Corsi in pole per la Lega? Si avvicina l’ora delle decisioni, visto che entro pochi giorni dovranno essere ufficiali le liste per le elezioni politiche del prossimo 25 settembre.

Il Pd ha messo in campo ufficialmente Silvio Franceschelli, ex presidente della provincia e sindaco di Montalcino: correrà per la Camera dei Deputati nel collegio Siena-Grosseto. Dovrebbe trovarsi contro Francesco Michelotti, esponente di Fratelli d’Italia, indicato dal partito senese di Giorgia Meloni.

L’attuale assessore all’urbanistica del Comune di Siena potrebbe tentare la battaglia in un collegio complicato, sperando di fare il colpaccio. Ma attenzione: tutto dipende dalla ripartizione dei seggi uninominali nel centrodestra. Quello della Toscana del sud dovrebbe toccare a Fdi, che potrebbe scegliere Michelotti, spendendo il grossetano Fabrizio Rossi nella lista del proporzionale, cioè in quegli elenchi dei nominativi che andranno a Roma in base al dato ottenuto a livello nazionale. O viceversa.

Di certo sarà una campagna elettorale anomala e che avrà influssi dagli accordi nazionali: se il centrodestra, con qualche fatica, si è compattato (ma resta da capire chi schiereranno le forze politiche nelle liste del proporzionale), il centrosinistra attende ancora le decisioni dei vari Calenda, Renzi e compagnia. Anche per questo il collegio senese-maremmano appare contendibile. 

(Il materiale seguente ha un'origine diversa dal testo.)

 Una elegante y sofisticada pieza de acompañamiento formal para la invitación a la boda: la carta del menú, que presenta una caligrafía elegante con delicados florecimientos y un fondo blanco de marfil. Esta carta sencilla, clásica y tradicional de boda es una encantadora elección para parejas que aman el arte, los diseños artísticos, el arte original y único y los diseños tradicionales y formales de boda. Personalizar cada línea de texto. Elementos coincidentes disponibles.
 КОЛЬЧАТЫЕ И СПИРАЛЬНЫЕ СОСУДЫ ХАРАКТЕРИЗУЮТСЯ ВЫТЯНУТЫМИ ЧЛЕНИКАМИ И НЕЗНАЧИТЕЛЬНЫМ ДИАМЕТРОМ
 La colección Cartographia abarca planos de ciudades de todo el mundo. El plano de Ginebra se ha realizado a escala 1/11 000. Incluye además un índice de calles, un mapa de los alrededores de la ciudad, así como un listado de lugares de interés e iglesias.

Se Italia Viva dovesse arrivare alla rottura, come sembra, il nome non può essere quello di Stefano Scaramelli, che da consigliere regionale avrebbe dovuto lasciare l’incarico prima dell’investitura, come ha fatto Franceschelli per quanto riguarda la poltrona di presidente della provincia, mentre per i comuni sotto i ventimila abitanti la legge non prevede l’addio all’incarico. Azione di Calenda dovrebbe schierare il segretario comunale Davide Vivaldi, grandi punti interrogativi invece su Movimento Cinque Stelle (pare che il senese Luca Migliorino possa trovare posto nel proporzionale, anche se l’elezione diventa complicata) e Impegno Civico, nuovo movimento di Di Maio

Tornando al centrodestra, Forza Italia potrebbe puntare sul suo assessore di riferimento Clio Biondi Santi, anche se ci sono diversi dubbi e gli azzurri starebbero riflettendo su un nome nuovo, emerso durante un aperitivo di alcuni giorni fa in Piazza del Campo.

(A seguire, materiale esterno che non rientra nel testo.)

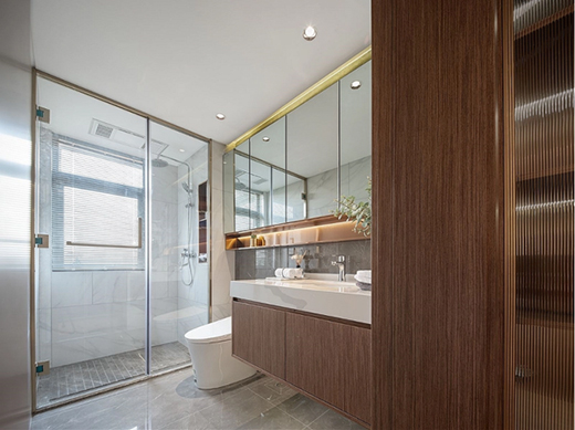 衛(wèi)生間設(shè)計,淋浴區(qū)與洗漱區(qū)做干濕分離設(shè)計,浴室柜與浴室鏡設(shè)計為一體,設(shè)計燈帶滿足局部照明。

Oggi potrebbe essere il giorno della Lega: Andrea Corsi è in pole, Massimo Bianchini o Paolo Salvini potrebbero essere altri nomi dei senesi presenti nella lista del pro proporzionale. 

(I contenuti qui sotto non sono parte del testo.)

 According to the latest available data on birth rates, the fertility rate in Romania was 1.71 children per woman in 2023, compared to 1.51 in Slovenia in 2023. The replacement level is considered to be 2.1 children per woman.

Altri interrogativi per il collegio uninominale del Senato, che mette insieme Siena, Arezzo e Grosseto. Il centrodestra pare voglia la conferma della leghista Tiziana Nisini. Con Franceschelli unico indicato (per la Camera), difficile che venga “recuperata” Susanna Cenni, dal 2008 a Roma: per lei si profila la chiusura dell’esperienza parlamentare. Si potrebbe aprire la campagna elettorale per le comunali a Siena?